An Italian delegation returned emptyhanded from Algiers last month after failing to convince the Algerians to stick to the terms of the original 1977 contract between Italy's national gas company, Snam, and its Algerian counterpart, Sonatrach.
Italian officials appear optimistic that a compromise eventually will be reached. But the pipeline's inauguration by Italian President Sandro Pertini has been postponed from this month, and for the time being another date has not been set.
The new price requests by the Algerians reportedly would cost Italy $1 billion a year more now, and double that in 1985, than the price set by the original 1977 contract.
Italian officials point out that that the price, indexed to the prices of diesel oil and fuel oil, already has tripled.
Current Algerian demands of $5.50 per million British thermal units (mBTU)--rising eventually to the oil equivalent price of $7.70--would make the cost of Algerian natural gas uncompetitive on the Italian market.
A spokesman for Snam said that if the new Algerian demands were met, Algerian gas would cost 338 lire a cubic meter here compared with the current price of 240 lire a cubic meter.
In recent years, the Algerians have adopted a policy of seeking oil-equivalent prices for their enormous reserves of natural gas. Negotiations with the French are stalled, and a hefty contract for liquified natural gas with the U.S. El Paso Co. has never become operative because of the increased Algerian demands.
But the 25-year contract with Italy represents the Algerians' largest natural gas investment to date.
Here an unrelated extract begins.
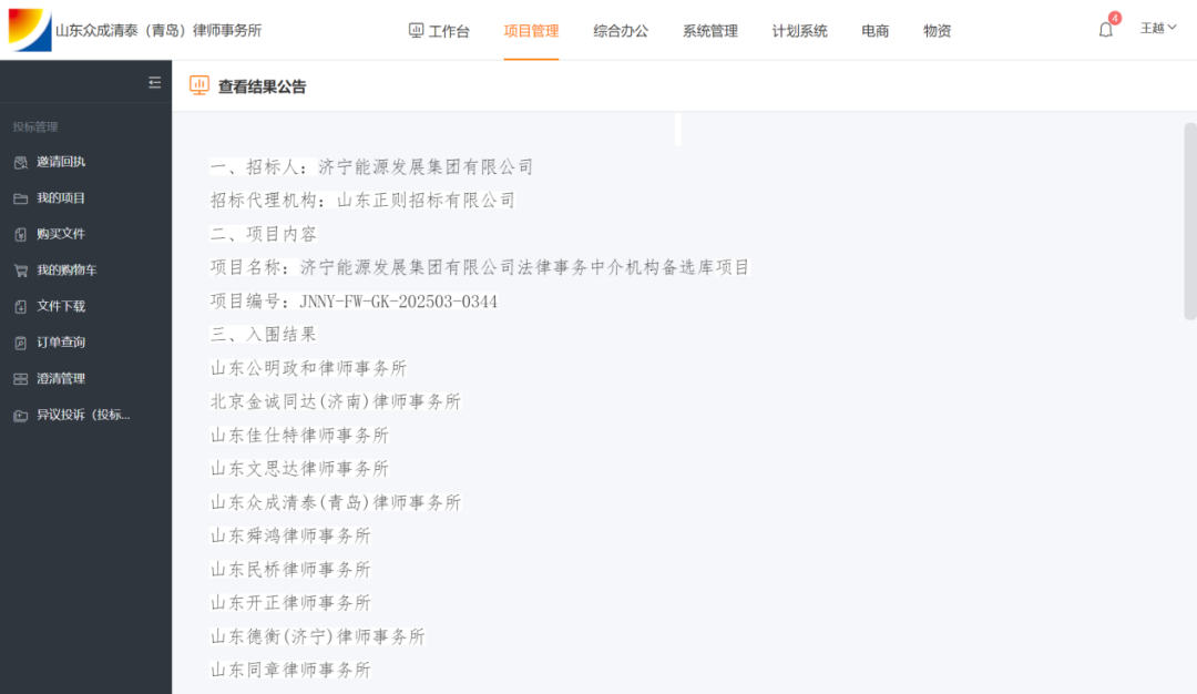 3月31日,众成清泰青岛所李琛团队成功中标济宁能源发展集团有限公司法律事务中介机构备选库项目,系青岛地区唯一入选律所。

Indeed, to explain their optimism that a compromise will be reached, officials at Snam and at its mother company, Eni, point to the excellent ongoing technical collaboration between the two parties as well as to the fact that when the project is completed the Algerians themselves will have spent more than $1.7 billion.
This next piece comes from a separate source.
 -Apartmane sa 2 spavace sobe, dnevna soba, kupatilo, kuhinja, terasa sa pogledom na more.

The contract commits the Algerians to providing Italy with 4 billion cubic meters of gas this year, rising to 12.36 billion cubic meters by 1985 and until 2006. But once a second tube is laid in the Algerian sector, the pipeline's capacity could rise to as high as 18 billion cubic meters a year.
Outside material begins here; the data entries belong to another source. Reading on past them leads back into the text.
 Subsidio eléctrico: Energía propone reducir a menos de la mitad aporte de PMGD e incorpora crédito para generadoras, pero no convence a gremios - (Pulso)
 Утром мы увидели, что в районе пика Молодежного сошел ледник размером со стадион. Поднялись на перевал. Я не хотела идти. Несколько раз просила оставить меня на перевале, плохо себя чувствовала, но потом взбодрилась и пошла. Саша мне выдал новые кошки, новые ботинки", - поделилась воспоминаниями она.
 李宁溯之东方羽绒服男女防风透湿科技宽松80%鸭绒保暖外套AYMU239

The pipeline, which took four years to build, runs from an altitude of 750 meters in the Algerian Sahara and, when finally completed in late 1982 or early 1983, will end near Bologna in Northern Italy. Construction has reached the Southern Italian region of Calabria.
The 550 kilometers of pipeline in the Algerian section were financed entirely by the Algerian government, which also paid one-half the high cost of laying three 20-inch pipes across a 156-kilometer underwater stretch below the Sicilian channel at record depths of up to 610 meters.
The pipeline also crosses Tunisia, Sicily and more than 1,000 kilometers on the Italian peninsula. Once completed, the entire cost will be $4.4 billion, 60 percent of which will have been financed by the Italians, 40 percent by the Algerians.
The Italian decision to import such huge quantities of gas from Algeria reflects the fact that natural gas is both cheaper than oil and cleaner.
In 1979 Italy consumed 27.6 billion cubic meters of gas, equal to 15 1/2 percent of its total energy needs. More than 46 percent of this was domestic production, with the remainder imported from The Netherlands, the Soviet Union and Libya, in that order.
The 12.3 billion cubic meters to be imported annually from Algeria starting in 1985 will bring total Italian gas consumption to 40 billion cubic meters, equal to 20 percent of the country's energy needs. A new Italian energy plan seeks to reduce dependence on oil, now representing 67 percent of energy consumption.